Spring has arrived. Morn and eve are colourful. Each wave is on a caper. The water is cool in the spring-stream. Bud and leaf are colour. Faded longings feel revitalized. Dreams are being fulfilled. Some wicked agency may crack the joy of blossoms. Somebody may convert almond blossom into burning coal. The night of 19 January, 19990 pricks. Shiva’s picture is fixed on the wall. Heartbeats are heard. All eyes are focussed on it. All eyes glued on the frame. All murmur: Om Namah Shivayei. What a horrible and malicious night! It devastates everything. Times become brazenfaced. Criminals destroy roads. The victim never knows the butcher. Nor does the murderer know the victim. It is only for formality that the poet calls himself Shad, a happy man. Inside his heart the separation from the land of birth gnaws:
The albatross of my loss/is around the neck of my life. /I had to pour tears into my/smiling mouth.
There is need of the light.

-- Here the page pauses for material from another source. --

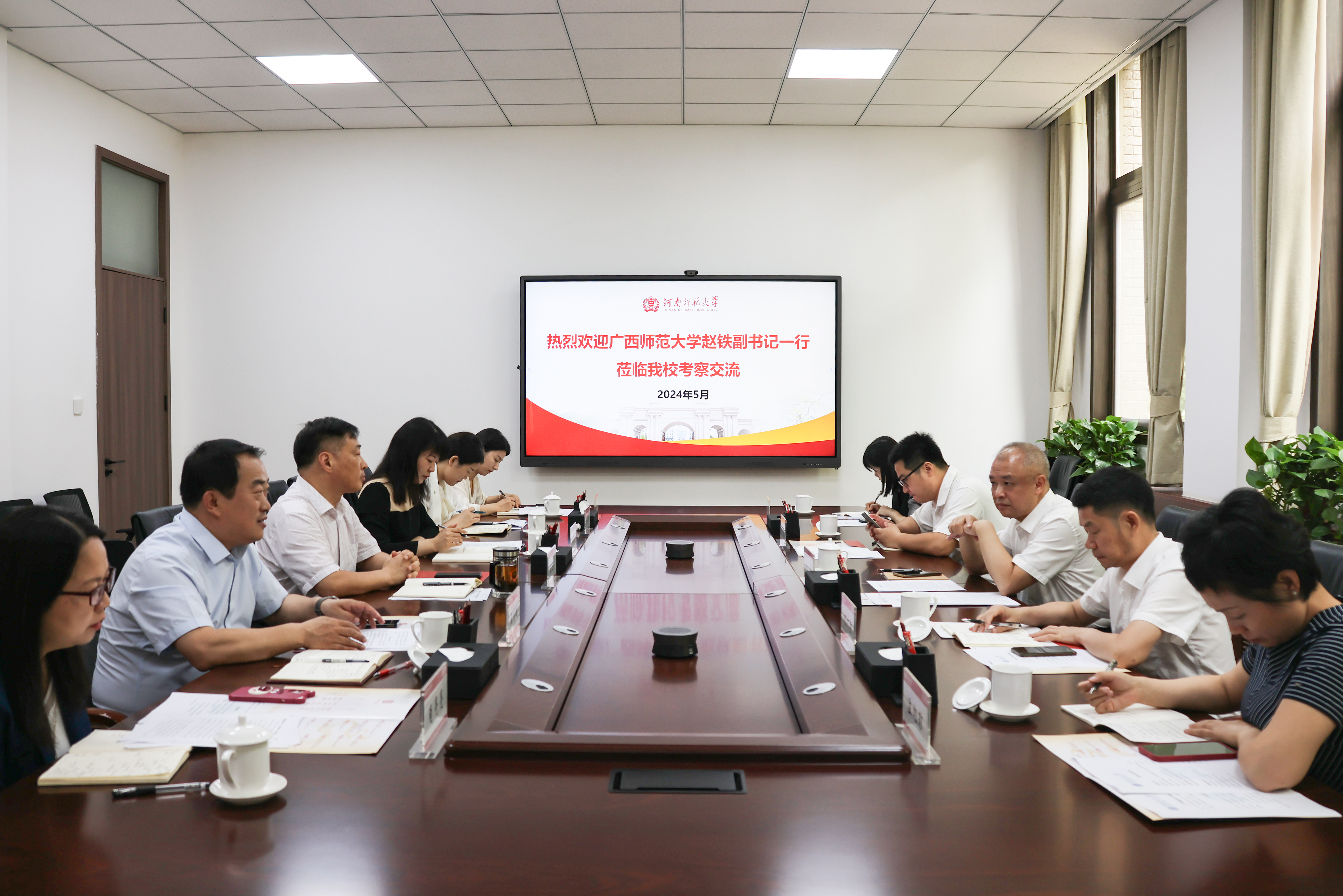 赵铁介绍了广西师范大学的建设发展情况,详细介绍了学校四度调整、六次更名、八次迁址的发展历史。他表示,两所学校都是有着悠久历史和光荣传统的师范院校,志同道合、砥砺同行,希望能够通过此次调研,进一步加强两校的合作交流。

Lamps should be fuelled again. Let us dip into the sea and churn out the truth. Let us unravel the mystery. Otherwise, one feels like dew on the fire. The poet knows that shadows play the tricks. Brother gets separated from brother. Graves open their mouths. Crematoriums widen their grip. Addresses are swallowed. When a fledgling bird cannot trace back to his nest he returns mad like the poet. The exiles may brighten their skin with cosmetics. But nothing will avail. It is like rinsing a gnarled plank of wood and painting it too. The memory is etched on every drop of the tear. Homeland gives a clarion call. The morning in spring is agog. The flute is heard behind the hill. Relationship and the hope never die. The delinked will get connected. Springs will be again ours:
How long can pain be throttled/ The heart will soon heal up/ the soul’s wound…… We shall write the past anew,/brighten the future pages./This let us announce to the world./
Shad writes simple, that is why he is common man’s poet. He is not blocked in exile, weeping and pain of separation from Kashmir. He writes romantic couplets with rhythmic and acceptable terminology within the mould of common man’s ethics. Some mysterious call is felt stirring the within. He wants one glimpse along the riverbank. Seeing the flame of beauty in full is his aspiration. He wants his beloved to lift the veil partially and cast half-shut eyes towards him. Shad is caught in the cage of love. He is lost. He sees her in divine attire deceiving even the dead.
The heat of love has shrunken his warmth. All his pains will vanish, all anger and anxiety will go if she comes. He wants to make her gambol and laugh. But sometimes this all is but a joke for him. The destiny betrays him. The cupbearer fans a joke. Jugs of wine are displayed. But not a drop allowed to be tasted. The desires are crushed. People are uprooting trees and live in glasshouses. People look after false dreams. But if today’s call too will go waste, how long can hope sustain? So does the poet mourn? The translator, R N Kaul is no more. He has authored about seven books. P N Shad does not need any introduction. His poems ta ba draas (And I Left) and maj chhi akhar maji naasaan (Mother is after all a mother) are all time hits. Soft-spoken P N Shad has earned respect in the Literature in Exile. In R L Shant’s adorning words, ‘The humility with which he accepts the popularity he enjoys in Jammu as well as in Kashmir makes him simply adorable.’ P N Shad is the poet of ‘relationship’. The poet tells the friends that they are like blossoms of spring shining glorious:
Your friendship will strum the strings to melody/And Shad’s songs will reverberate abroad.